And the video of the curator specifically mentions the Salaman Collection, so finger crossed for a big reopening this year.


----------



## Tasky (13 Jan 2018)

richarnold":8n02zzy7 said:


> As to whether "collectors" are inflating prices, I'm not so sure, as over the years I have observed a steady decline in value for most collectable woodworking tools. As an example, my Norris panel plane at one point would have possibly fetched a four figure sum, but in recent times it would struggle to make £400.00 pounds.


Prices are just what people will pay for things. 
If you're talking "collector's items" like coins or cars, the prices are always high... and yet the actual value given them by whatever experts or official sources there are on the subject tends to be massively lower. 
A MkII Supra is valued at maybe a few hundred quid, but the price of them is past £10,000 because collectors will pay that much.


----------



## bugbear (13 Jan 2018)

Tasky":1y8znkau said:


> richarnold":1y8znkau said:
> 
> 
> > As to whether "collectors" are inflating prices, I'm not so sure, as over the years I have observed a steady decline in value for most collectable woodworking tools. As an example, my Norris panel plane at one point would have possibly fetched a four figure sum, but in recent times it would struggle to make £400.00 pounds.
> ...


If the "expert valuers" aren't predicting the actual prices, I wouldn't call them "expert".

BugBear


----------



## MarkDennehy (14 Jan 2018)

custard":1eswvo0y said:


> The word "collector" covers a huge range of different behaviours. The behaviour I see most often amongst woodworkers is "completionism", the urge to complete a set.


_*looks at the spare spot on his wall where a Record 02 would go*_

Oh pipper.


----------



## D_W (14 Jan 2018)

One more spoof definition:
* collector - someone who buys something for more than you'll pay
* user - someone who wanted to buy something you have two of, but won't pay as much as you


----------



## Tasky (15 Jan 2018)

bugbear":2gbepqkx said:


> If the "expert valuers" aren't predicting the actual prices, I wouldn't call them "expert".


A Krugerrand is 1 troy oz. of fine gold. 
The value of 1oz of gold, at this time of checking, is £940.12. Therefore, the value of a Krugerrand is supposed to be the same, which is the whole point of them. 
The price at which many of them actually sold in the last week or so is as high as £2,069.55. 

That's what I mean by the difference and collectors paying over the odds - Most of these are nothing special and collectors are just looking to fill in the date gaps in their collections.


----------



## shed9 (15 Jan 2018)

Tasky":31nlaz4k said:


> bugbear":31nlaz4k said:
> 
> 
> > If the "expert valuers" aren't predicting the actual prices, I wouldn't call them "expert".
> ...


Some limited proofed coins fetch high premiums but's that's due to the limited nature of them.

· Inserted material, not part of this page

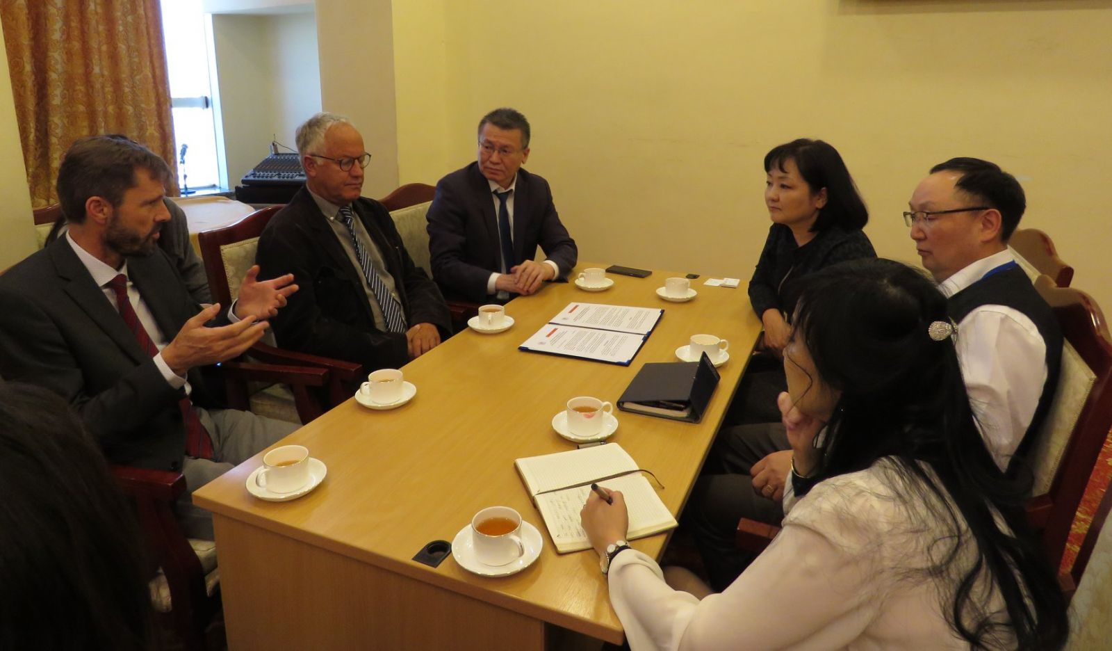 Энэ хүрээнд НЭМГ-ын орлогч дарга Л.Зэндмаа, ЭХЭМҮТ-ийн захирал Ш.Энхтөр, Эрдэм шинжилгээ, сургалт, гадаад харилцаа эрхэлсэн дэд захирал М.Баялаг, Швейцарийн хүүхдийн хэт авиан оношилгооны нийгэмлэг, Монгол-Швейцарийн хамтарсан хүүхдийн төсөл (SMOPP)-ийн үндэслэгч, профессор, хүүхдийн эмч Tомас Бауманн, төслийн ерөнхийлөгч, Швейцарийн Баар хотын хүүхдийн эмнэлгийн эрхлэгч, профессор Раоул Шмид болон НЭМГ-ын мэргэжилтнүүд оролцлоо.

Standard Krugerrands are typically 6-8% over base price but then they are minted, certified and easy to sell.

The Krugerrand was never meant to be a straight £ for £ gold purchase, that was not the point of them then or now. It was a marketing ploy by the RSA that proved to be hugely successful and at one point accounting for almost the entire gold coin investment market worldwide.

Not sure this example explains the follies of collecting. If anything it highlights the success of a country and an industry, in part, based on collecting.


----------



## D_W (15 Jan 2018)

Krugerrands were not permissible here in the 1980s, I suppose due to apartheid, but they were common. My mother's brother convinced my father to buy a bunch and bury them without writing down their locations or telling anyone where they are. I guess that was everyones' little adventure in thinking "ooh...we're doing something illegal....we buy krugerrands and go 3 miles an hour above the speed limit, and occasionally only come to a rolling stop at a stop sign"


----------



## Tasky (15 Jan 2018)

shed9":1uh4bvvb said:


> The Krugerrand was never meant to be a straight £ for £ gold purchase, that was not the point of them then or now.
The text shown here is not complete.